Lecture 1
● The model of circular flow
○ The basic model of macroeconomy that introduces the main variables, entities and
markets of the economy
● Some basic concepts
○ Factors of production: inputs used to produce goods and services for more than one time
1. Factors of production - input has to replenish (itself, or manually) - has to be used
more than once
2. If an input is used up completely in one round of production, then it is either a
raw material or an intermediate good, but not a factor of production
3. Most important factors of production - labor (L), capital (K), land, knowledge
and skills - we can add natural resources as well
○ Goods and services: goods are tangible items and services are tasks (e.g. legal advice)
that are produced or performed for the benefit of the recipient (consumer). In our model,
only firms can produce goods and services, that are traded on the market of goods and
services.
1. Everyone has a subjective value attached to a good and service - satisfies needs
○ Production: the process of transforming factors of production and other inputs into goods
and services. In our simple model, this is done by firms
1. Intermediate good, raw matter: goods not consumed by a consumer, but use to
produce a good
○ Income: compensation or revenue received by the owners of the factors of production.
Production factors are owned by households. Income is used to buy goods and services
on the market for goods and services.
1. Income isn’t money, it is a purchasing power, or demand (way to buy) for goods
and services - income is measured in money, but not money, because you use it to
buy something else
○ Savings: what remains of income after consumption - not money. Households and
governments can save, these will appear as supply on the financial markets.
○ Investments: goods and services used to acquire or maintain capital stock.

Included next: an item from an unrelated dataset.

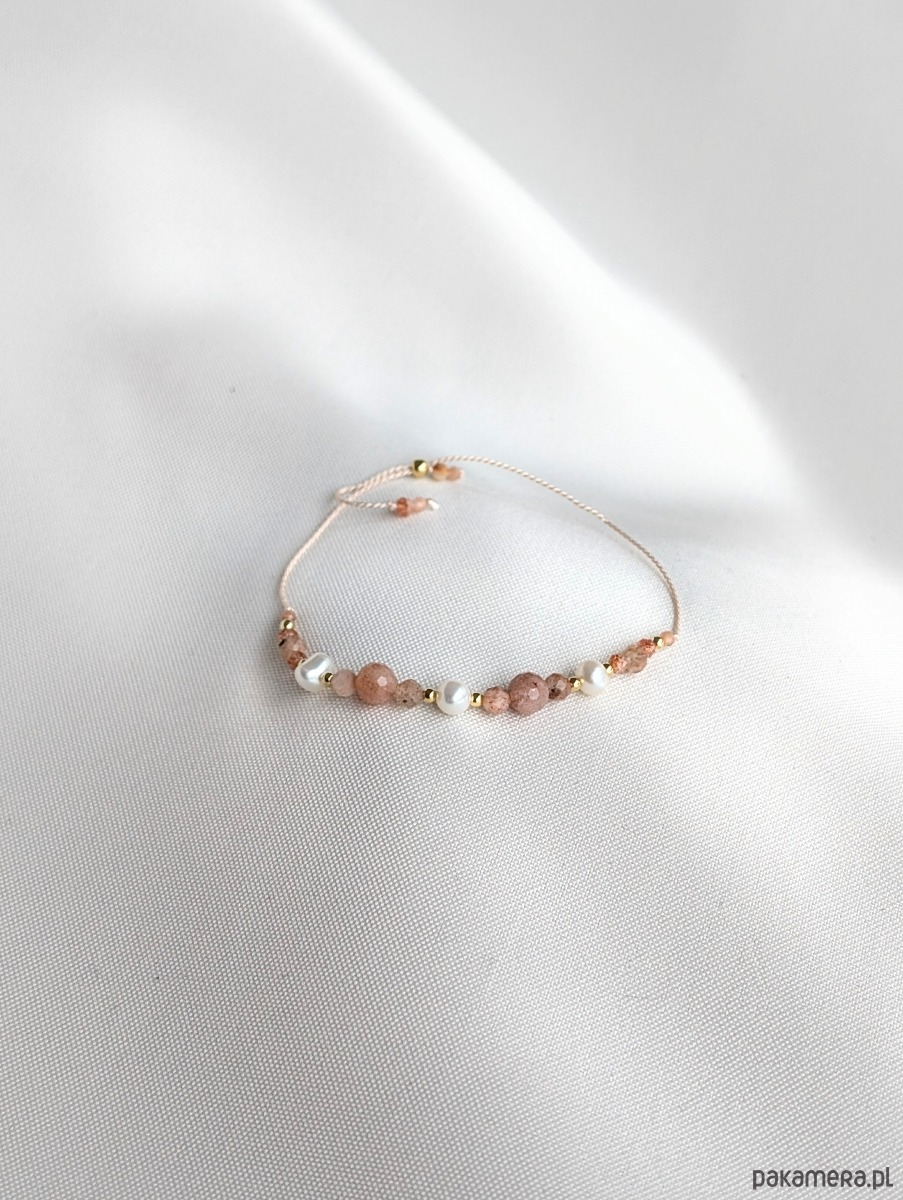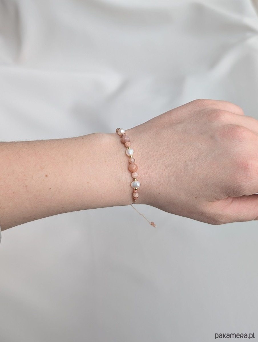 Bogato zdobiona bransoletka z kamieni słonecznych różnych rozmiarów, naturalnych pereł oraz pozłacanych elementów dekoracyjnych.

These can be
acquired on the financial markets. In our model only firms can invest. Investment also
includes changes in inventories.
● The circular flow model of the economy
○ The economy can be thought as a sume
of markets and entities
○ Looks like a closed system
○ Arrows show payment
○ Firms: entities producing goods and
services. They are owned by the
entrepreneurs. Firms buy labor and
capital from the factor markets and sell
their goods in the market
○ Households: includes everyone in the
society - workers and entrepreneurs as
, well. Households sell labor and lend their savings at the factor markets (labor and capital
markets). They spend part of their income on purchasing goods and services, the rest is
saved.
○ The government: doesn’t produce or invest. It purchases goods and services and pays for
it from the tax revenues.
○ This model suggests an important rule: expenditure = income
● The problem of aggregation
○ Aggregation means adding up data on different individuals, products or time periods.

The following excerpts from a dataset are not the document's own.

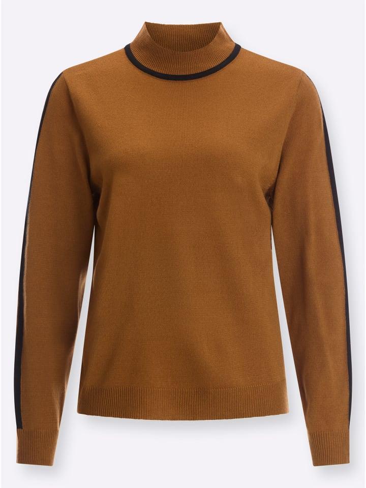 Этот свитер с длинными рукавами искусно создает контрасты. С привлекательным воротником-стойкой и ребристыми манжетами.
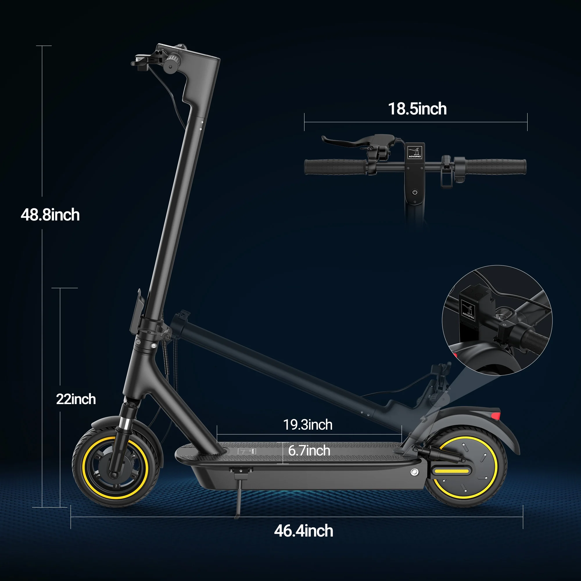 AOVOPRO Esmax 500W 10′ Foldable Electric Scooter for Adults with Air Tire and Dual Shock Absorption, Dual Braking With APP Model No: ESMAX Unisex Electric Scooter Lithium Battery: 14.5 Ah lithium battery App name: AOVOPRO/TUYA Tire:10 inches anti-puncture tire, 500W motor Frame Material: Aluminum Alloy Brake: Electronic Brake + drum brake Lighting: LED Shock Absorption: Front and rear suspension Charging Period: 7 Hours Max Load: 265 lbs (120KG) Gross Weight: 47 lbs (21.5KG) Net Weight: 41 lbs (18.5KG) Folding Size: 47 *18*23 inch (1210*470*590MM ) Produce Size: 47 *18*50 inch (1210*470*1260MM) Bottom footboard size : 23*7.5 inch Carton Size : 48 *8*25 inch (1230*205*635MM) 100-240V(Input)/42V(Output)/2A
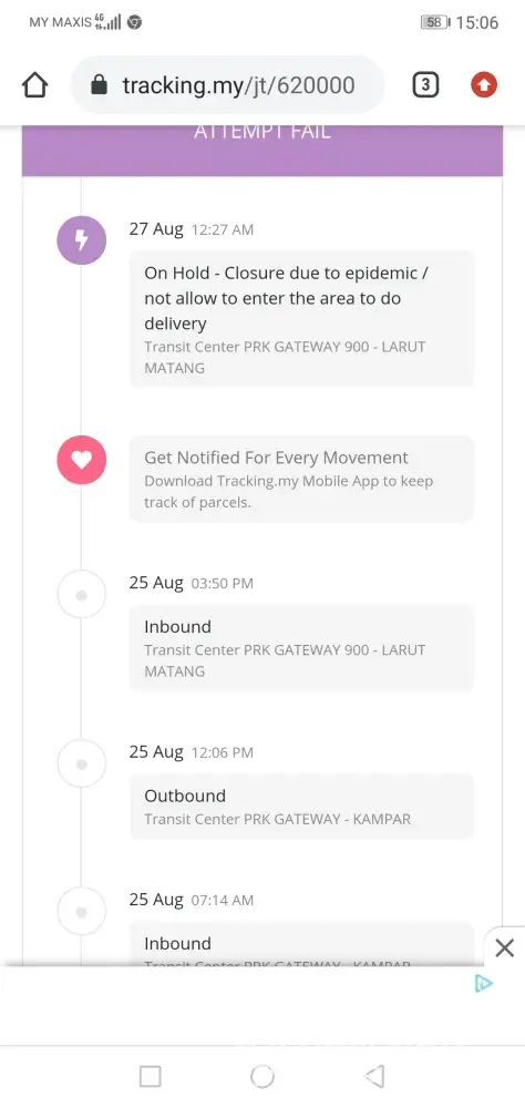 Dah lama peram barang kat bayan lepas ckp brg xleh hantar sebab pkpd.rumah kat sg ara, xde pun pkpd, bayan lepas pun xde pkpd buat masa skrg, tp jnt bg sbb xhantar brg status pkpd xleh masuk kawasan. Logik ke? Ad barang lain hantar, ad brg xhantar, xke pelik?

Microeconomics is concerned about single goods or markets and aggregation only
happens in a very limited scale.
○ Examples of aggregation:
1. Aggregation over time - a dairy farm produces 1,000 liters milk in January, 1,200
liters in February and 1,300 liters in March. So in the 1st quarter it produces
3,500 liters of milk - we lost information: by knowing the quarterly production, I
can’t find the monthly output
2. Aggregation over individuals - mom earns $2,500 per month, Dad earns $2,400,
no other sources of income. Then the household’s total income is $4,900 per
month. Loss of information also applies -by knowing the total, we can’t go back
to the individual income
3. Aggregation over goods - a farm produces 300 tons of apples and 150 tons of
peaches - we can’t add this up
○ Adding up things which can’t be added up: only one way to do it, through value
(monetary units - but it isn’t money, it’s peaches and apples - money is a measure of the
goods and services)
1. E.g. you can’t add up 1000 peaches and 200 oranges
● Aggregation by value
○ You can’t add up different goods, since they aren’t homogeneous. 1 ton of apples isn’t
comparable to 1 ton of peaches, and 1 ton of apples can’t be added to 1 hour of legal
advice (service) - the only way to add them up is by market value, when available
○ Market prices reflect value judgement - if 1 ton of peaches is 1 euro, and 1 ton of apples
is 2 euros, we can add them up
○ But what about goods not traded in the market - e.g. produced by the state - national
defense (it is a public good) - we can add it to the GDP by cost
1. Is the cost the value of national defense? - we don’t know - if people were
allowed to buy it, they would pay more or less, but it’s not on the market, we
don’t have a choice to buy it
2. When there are no market prices, use cost
3. When a good isn’t traded in a free market, then we often use the cost-based
approach, so the value of goods equals all the costs that incurred while producing
it.
○ The market value of goods and services is determined on the market. The equilibrium
unit price is when the seller and the buyer agree on the value of the good.
● National accounting
○ Systematic measurement of economic activities happening in the whole economy
, ○ Different national accounting systems - but from the 1960s, a new system, the national
accounts system became an international standard where the main indicator is GDP
○ GDP doesn’t reflect the quality of living, but it isn’t meant to be a welfare measure
● Gross Domestic Product
○ GDP is officially defined as the market value of all final goods and services produced
within a country during a particular time period (output approach).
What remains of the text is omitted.